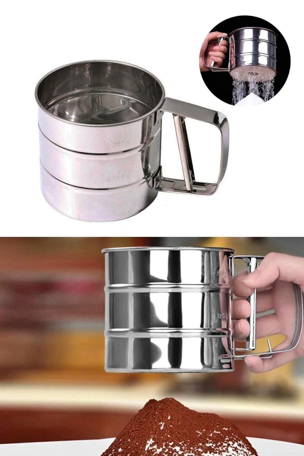Paslanmaz Çelik Un Eleği Pratik Basmalı Kakao Eleği Pudra Elek Çok Amaçlı Elek
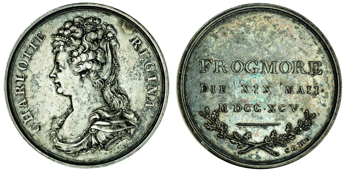 George III, Brithday of Queen Charlotte, 1795, silver medal by C. H. Küchler, bust left, rev. frogmore die xix maii mdccxcv above branches of oak, soho below, 35mm. (BHM 389; E.864; Pollard 10), good very fine, scarce
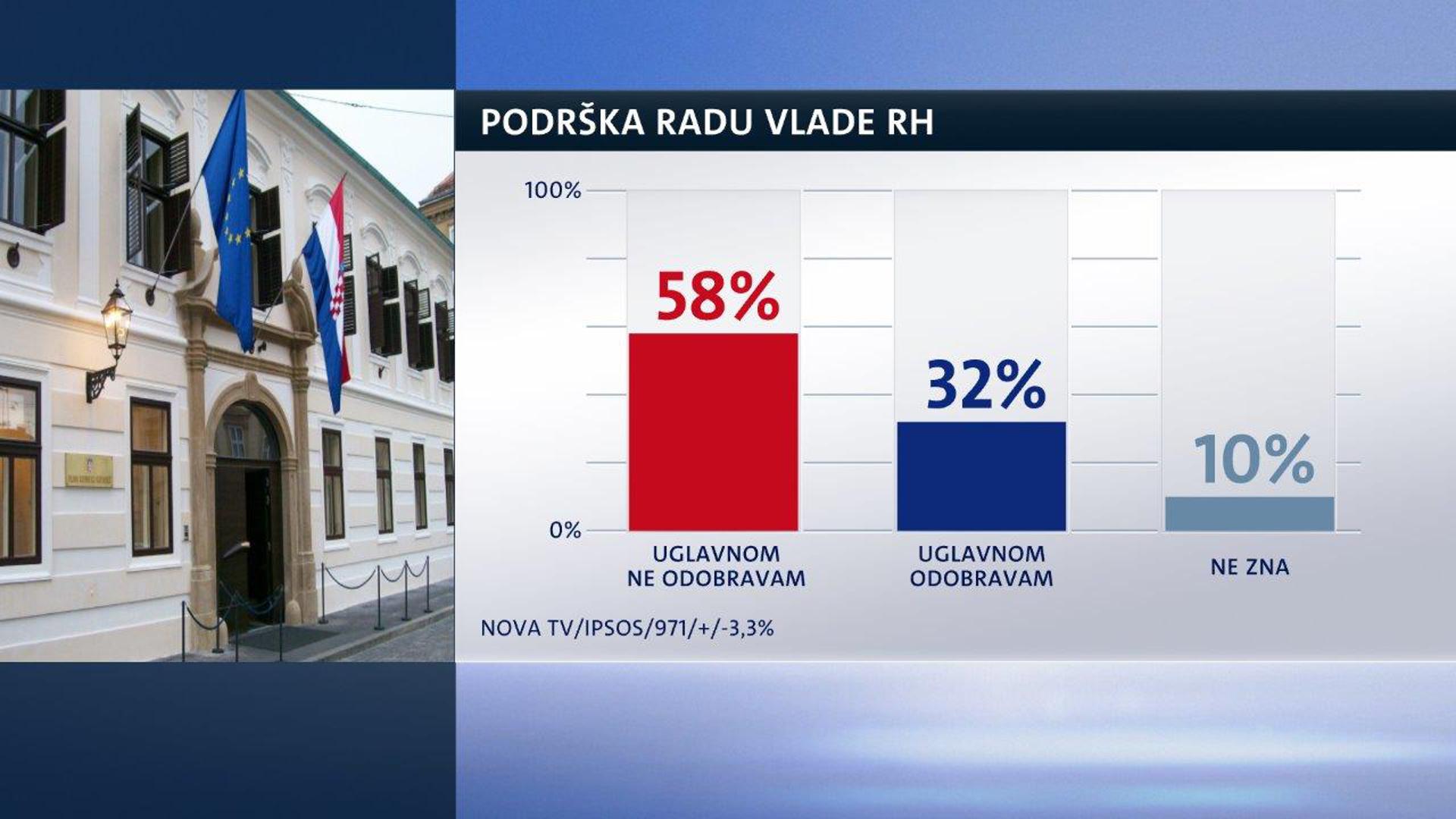 Vladinu politiku i dalje većina građana ne odobrava, točnije, njih 58 posto. Već treći mjesec taj broj lagano, ali zamjetno raste. Istodobno pada, ali još uvijek ne dramatično, broj onih koji odobravaju Vladinu politiku. Sada ih je 32 posto. Ne zna njih 10 posto. Zato iz mjeseca u mjesec raste broj građana koji vjeruju da će Vlada odraditi mandat do kraja i trenutačno ih je 67 posto, a da neće, misli pak njih 23 posto. Ne zna 10 posto ispitanika.
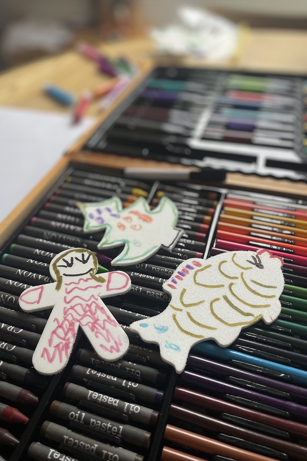 Díky skvělému a snadno omyvatelnému materiálu VYLEN ® můžete na perníčky temperami, vodovkami či fixami opakovaně malovat.
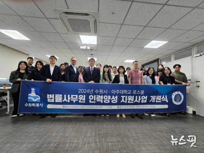 (뉴스핏 = 김호 기자) 수원시와 아주대학교 로스쿨(법학전문대학원)은 27일 아주대학교 캠퍼스플라자에서 ‘수원시·아주대학교 로스쿨 법률사무원 인력양성 지원사업’ 개강식을 열었다.
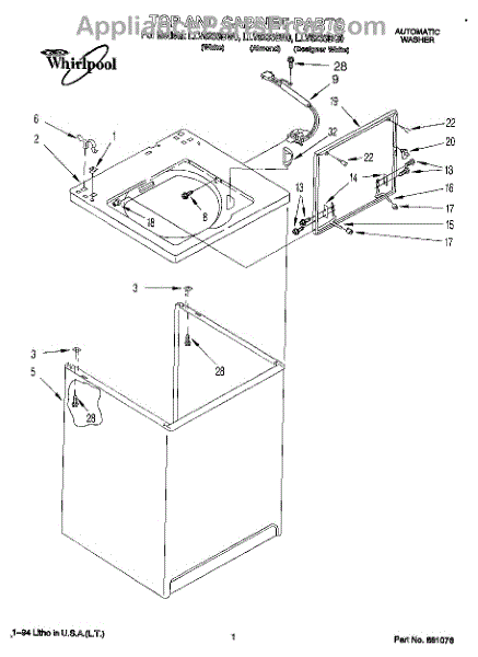 Parts for Whirlpool LLV8233BW0: 01 - Top And Cabinet, Lit / Optional Parts
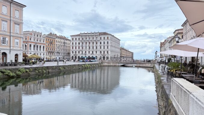 Ich fahre durch das Val Rosandra bei Pesek, bevor man über die ehemalige Bahntrasse der Parenzanabahn hinunter nach Triest fährt. Die Profis würden sagen „Heute ist eine Rolleretappe“. Eigentlich bemerkt man gar nicht das man schon in Italien ist und plötzlich sieht man unten schon den Hafen in Triest. Kurz danach komme ich zur Ortstafel Triest und rolle mit meinem Rad direkt zum Hafenpromenade und gönne mir einen Aperol Spritz. Es ist alles gut gegangen, keine Defekte, keine Probleme bei Laden des E-Bikes, den Weg doch einigermaßen gefunden. Aber das gehört doch auch dazu. Nach rund 265 km fahre ich in mein Stadthotel und beschließe einen kleinen Stadtbesuch zu Fuß zu unternehmen. Welche Pracht in Triest herrscht, kennen Sie vermutlich.
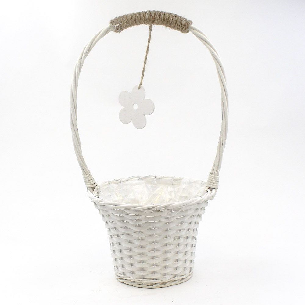 Hengselmand spaanhout wit met touw en bloem D23cm (in dzn.)

____

■ **What this task involves**:
From the line that contains "(뉴스핏 = 김호 기자)" to the final line of the entries, reproduce every line exactly, both ends included. Leave out all pictures.

■ **Exercise solution**:
 (뉴스핏 = 김호 기자) 수원시와 아주대학교 로스쿨(법학전문대학원)은 27일 아주대학교 캠퍼스플라자에서 ‘수원시·아주대학교 로스쿨 법률사무원 인력양성 지원사업’ 개강식을 열었다.
 Parts for Whirlpool LLV8233BW0: 01 - Top And Cabinet, Lit / Optional Parts
 Ich fahre durch das Val Rosandra bei Pesek, bevor man über die ehemalige Bahntrasse der Parenzanabahn hinunter nach Triest fährt. Die Profis würden sagen „Heute ist eine Rolleretappe“. Eigentlich bemerkt man gar nicht das man schon in Italien ist und plötzlich sieht man unten schon den Hafen in Triest. Kurz danach komme ich zur Ortstafel Triest und rolle mit meinem Rad direkt zum Hafenpromenade und gönne mir einen Aperol Spritz. Es ist alles gut gegangen, keine Defekte, keine Probleme bei Laden des E-Bikes, den Weg doch einigermaßen gefunden. Aber das gehört doch auch dazu. Nach rund 265 km fahre ich in mein Stadthotel und beschließe einen kleinen Stadtbesuch zu Fuß zu unternehmen. Welche Pracht in Triest herrscht, kennen Sie vermutlich.
 Hengselmand spaanhout wit met touw en bloem D23cm (in dzn.)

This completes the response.